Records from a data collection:
------------------------------------------------------------

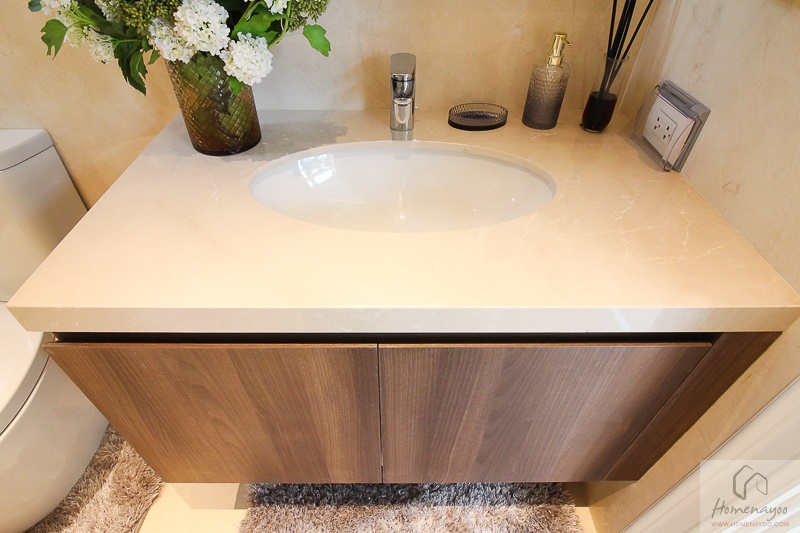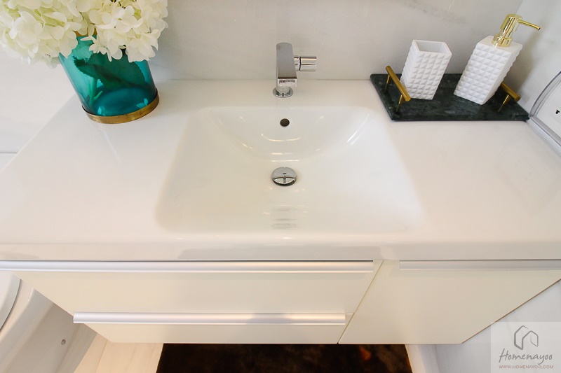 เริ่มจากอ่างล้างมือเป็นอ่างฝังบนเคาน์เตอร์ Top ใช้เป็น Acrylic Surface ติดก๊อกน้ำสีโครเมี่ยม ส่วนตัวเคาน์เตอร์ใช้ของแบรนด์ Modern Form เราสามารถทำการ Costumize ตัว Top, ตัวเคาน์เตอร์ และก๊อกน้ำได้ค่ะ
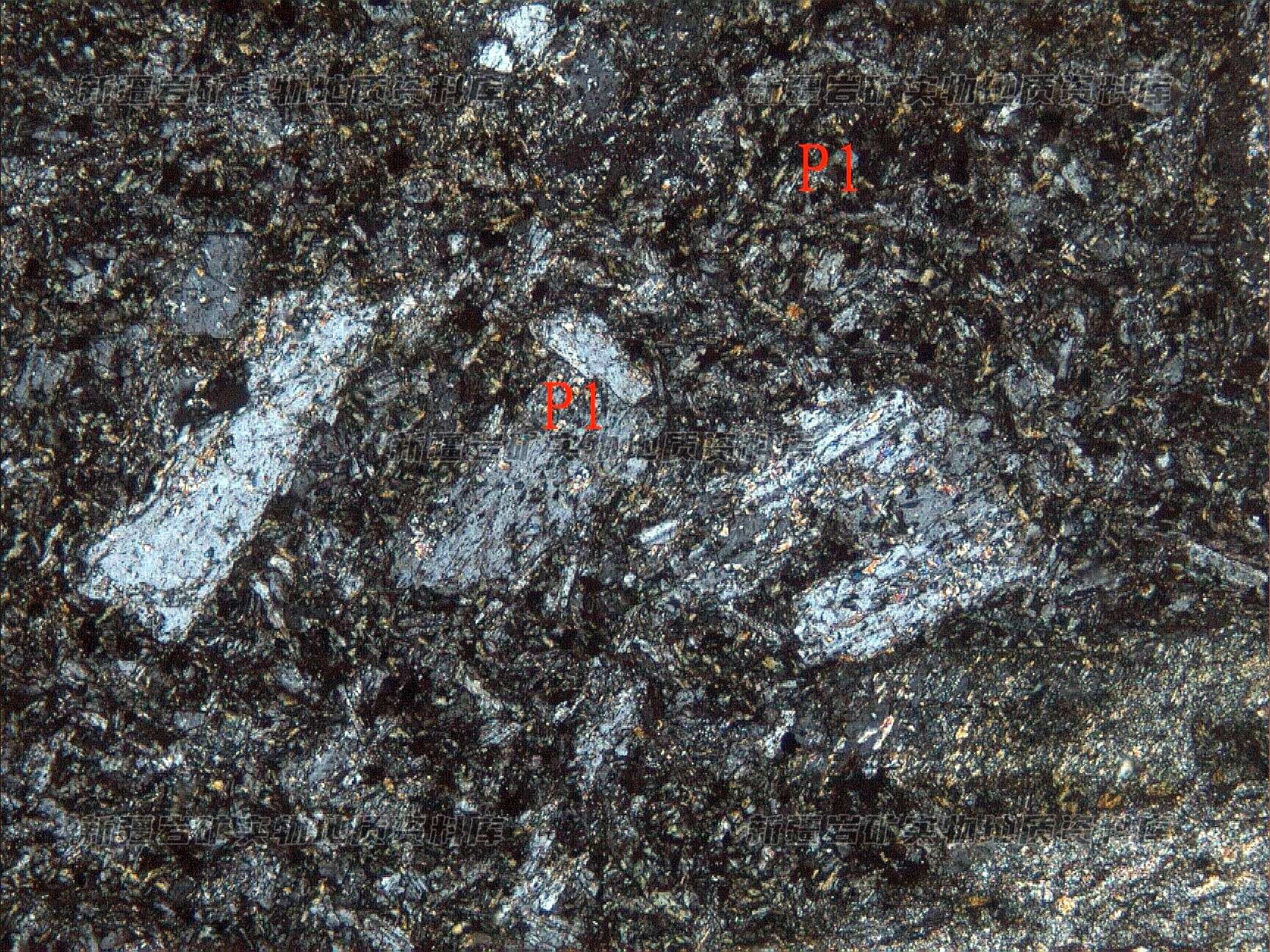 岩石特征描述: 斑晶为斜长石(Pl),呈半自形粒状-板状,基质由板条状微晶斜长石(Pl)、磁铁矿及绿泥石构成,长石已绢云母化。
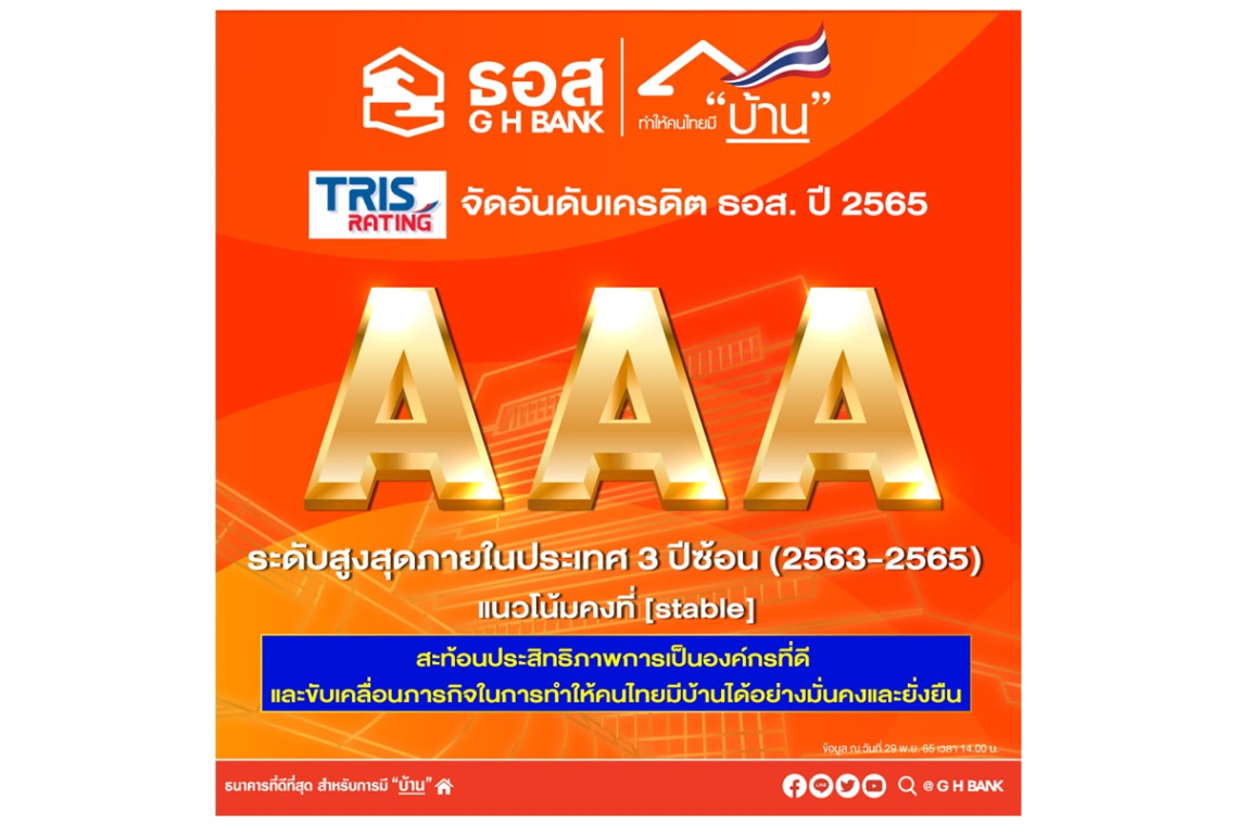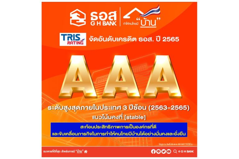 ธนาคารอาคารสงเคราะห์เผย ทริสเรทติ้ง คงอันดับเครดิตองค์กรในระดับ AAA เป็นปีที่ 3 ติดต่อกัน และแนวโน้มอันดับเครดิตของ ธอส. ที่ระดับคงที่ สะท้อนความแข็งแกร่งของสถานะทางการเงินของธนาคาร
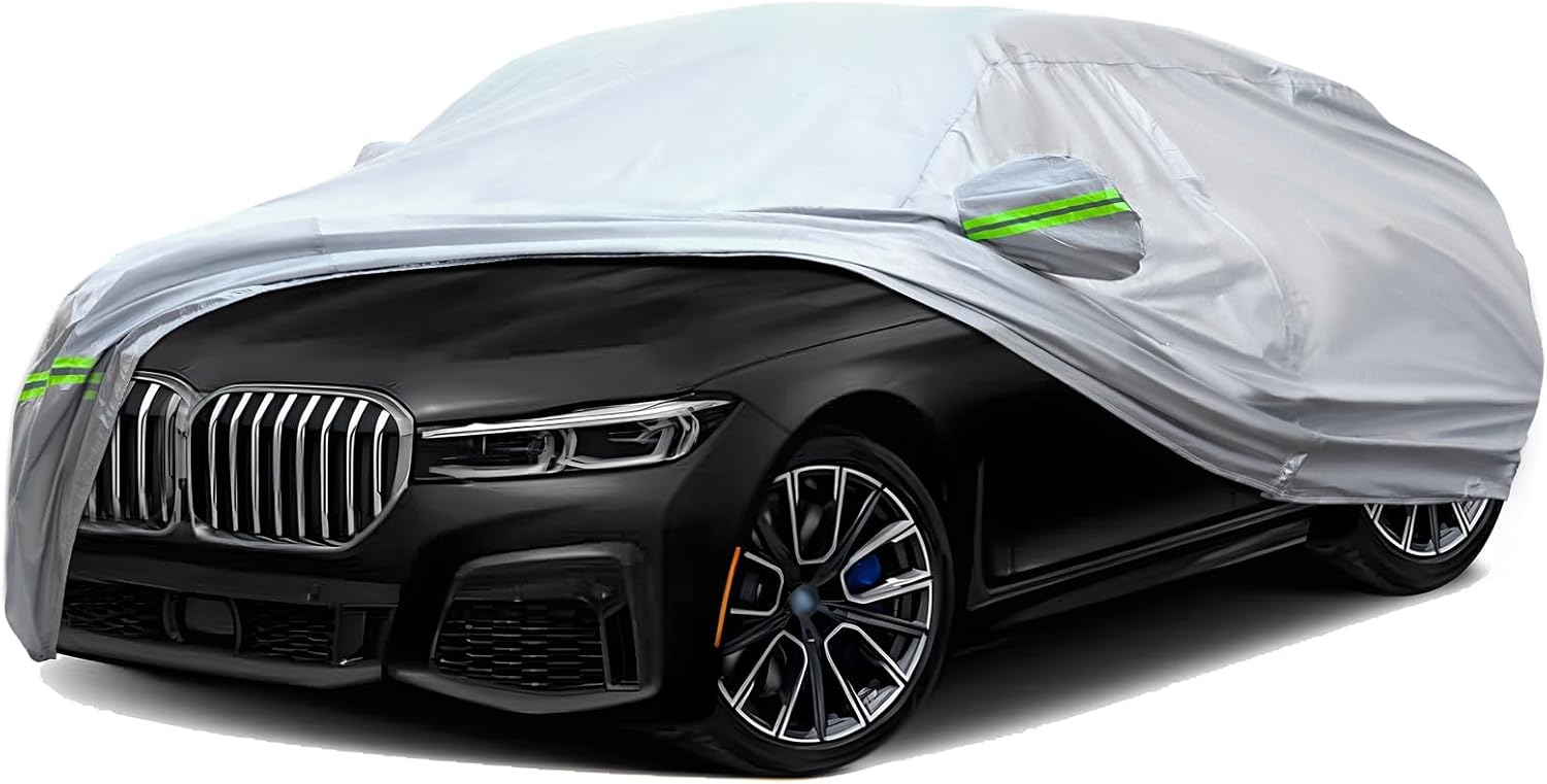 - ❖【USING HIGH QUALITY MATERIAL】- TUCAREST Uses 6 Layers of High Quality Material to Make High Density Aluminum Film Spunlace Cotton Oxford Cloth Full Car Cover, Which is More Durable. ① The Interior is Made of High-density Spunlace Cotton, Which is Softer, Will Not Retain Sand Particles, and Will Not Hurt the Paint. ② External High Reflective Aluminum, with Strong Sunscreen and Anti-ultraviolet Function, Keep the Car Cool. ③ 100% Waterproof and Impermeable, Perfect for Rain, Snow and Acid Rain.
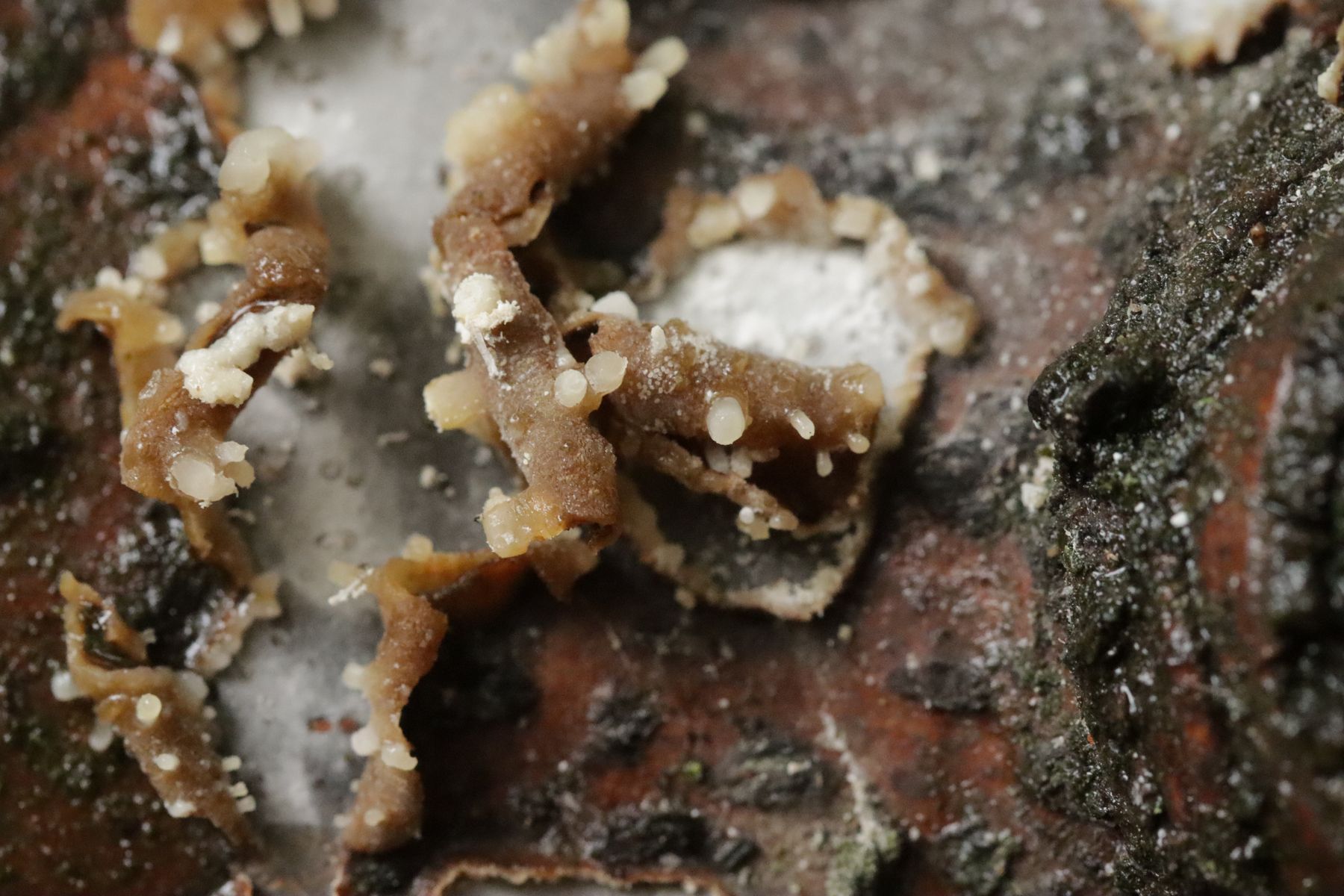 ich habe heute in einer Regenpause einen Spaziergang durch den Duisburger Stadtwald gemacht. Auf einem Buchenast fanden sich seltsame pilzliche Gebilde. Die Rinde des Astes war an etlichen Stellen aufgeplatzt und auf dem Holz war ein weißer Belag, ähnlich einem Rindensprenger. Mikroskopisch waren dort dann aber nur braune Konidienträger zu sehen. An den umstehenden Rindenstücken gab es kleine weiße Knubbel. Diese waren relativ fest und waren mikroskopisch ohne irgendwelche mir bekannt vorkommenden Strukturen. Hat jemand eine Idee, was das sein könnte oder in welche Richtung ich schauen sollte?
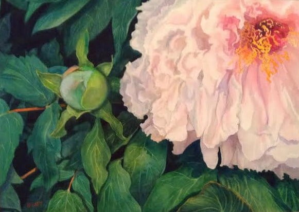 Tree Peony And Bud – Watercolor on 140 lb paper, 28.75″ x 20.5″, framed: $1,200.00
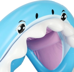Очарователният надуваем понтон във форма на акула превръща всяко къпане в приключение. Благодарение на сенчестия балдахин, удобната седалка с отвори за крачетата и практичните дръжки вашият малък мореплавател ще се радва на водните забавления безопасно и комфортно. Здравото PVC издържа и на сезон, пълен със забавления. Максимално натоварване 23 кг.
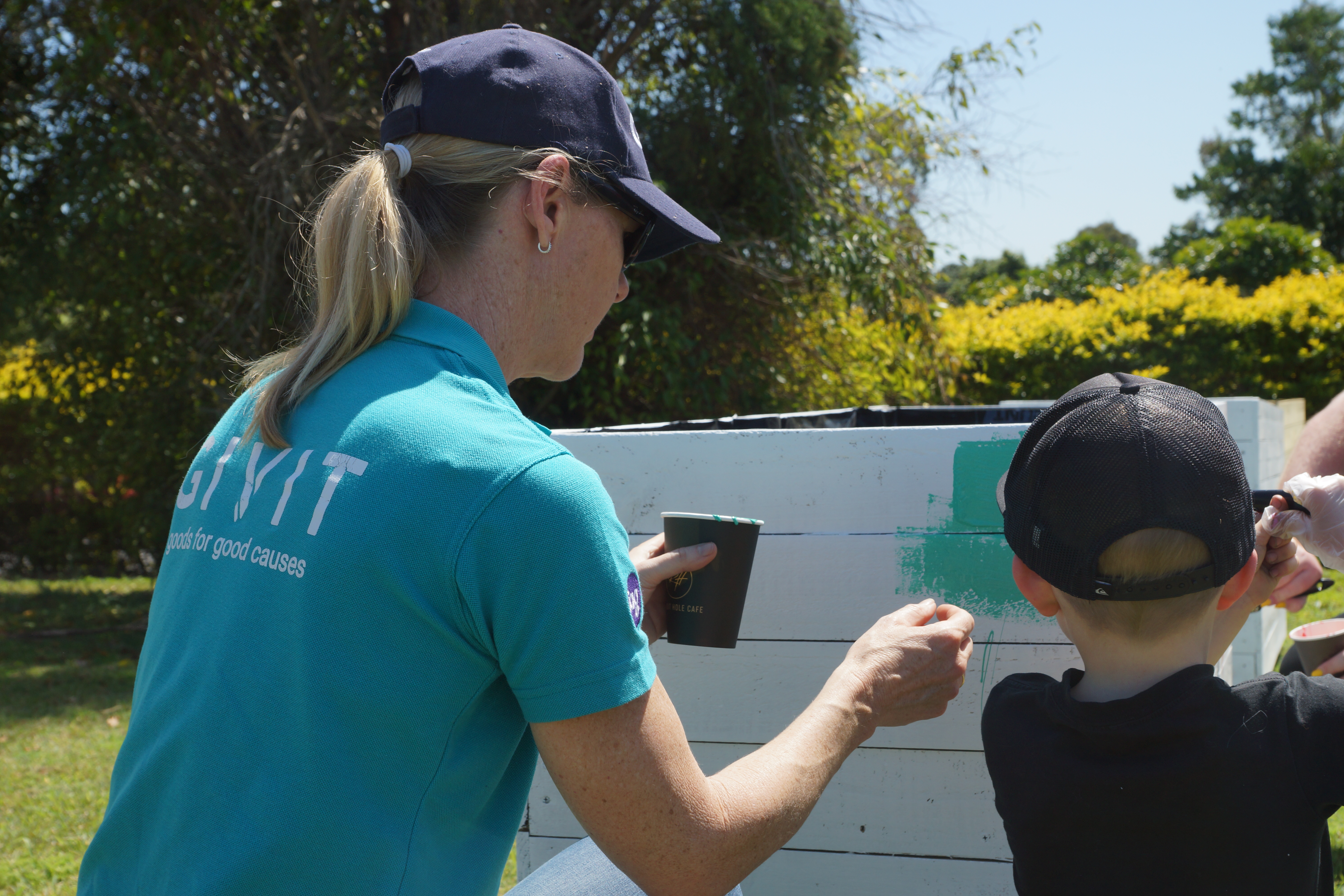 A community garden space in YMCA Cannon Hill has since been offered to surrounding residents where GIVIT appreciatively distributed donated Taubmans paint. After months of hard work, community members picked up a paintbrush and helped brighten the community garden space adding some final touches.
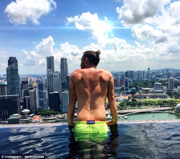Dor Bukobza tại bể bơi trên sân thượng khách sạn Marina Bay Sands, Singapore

------------------------------------------------------------

▶ _EXERCISE OBJECTIVE_: Provide the lines again, unchanged, from where the data above begins through the line containing "ธนาคารอาคารสงเคราะห์เผย ทริสเรทติ้ง คงอันดับเครดิตองค์กรในระดับ", both ends included, omitting pictures and adding nothing.

▶ _OUTPUT BELOW_:
 เริ่มจากอ่างล้างมือเป็นอ่างฝังบนเคาน์เตอร์ Top ใช้เป็น Acrylic Surface ติดก๊อกน้ำสีโครเมี่ยม ส่วนตัวเคาน์เตอร์ใช้ของแบรนด์ Modern Form เราสามารถทำการ Costumize ตัว Top, ตัวเคาน์เตอร์ และก๊อกน้ำได้ค่ะ
 岩石特征描述: 斑晶为斜长石(Pl),呈半自形粒状-板状,基质由板条状微晶斜长石(Pl)、磁铁矿及绿泥石构成,长石已绢云母化。
 ธนาคารอาคารสงเคราะห์เผย ทริสเรทติ้ง คงอันดับเครดิตองค์กรในระดับ AAA เป็นปีที่ 3 ติดต่อกัน และแนวโน้มอันดับเครดิตของ ธอส. ที่ระดับคงที่ สะท้อนความแข็งแกร่งของสถานะทางการเงินของธนาคาร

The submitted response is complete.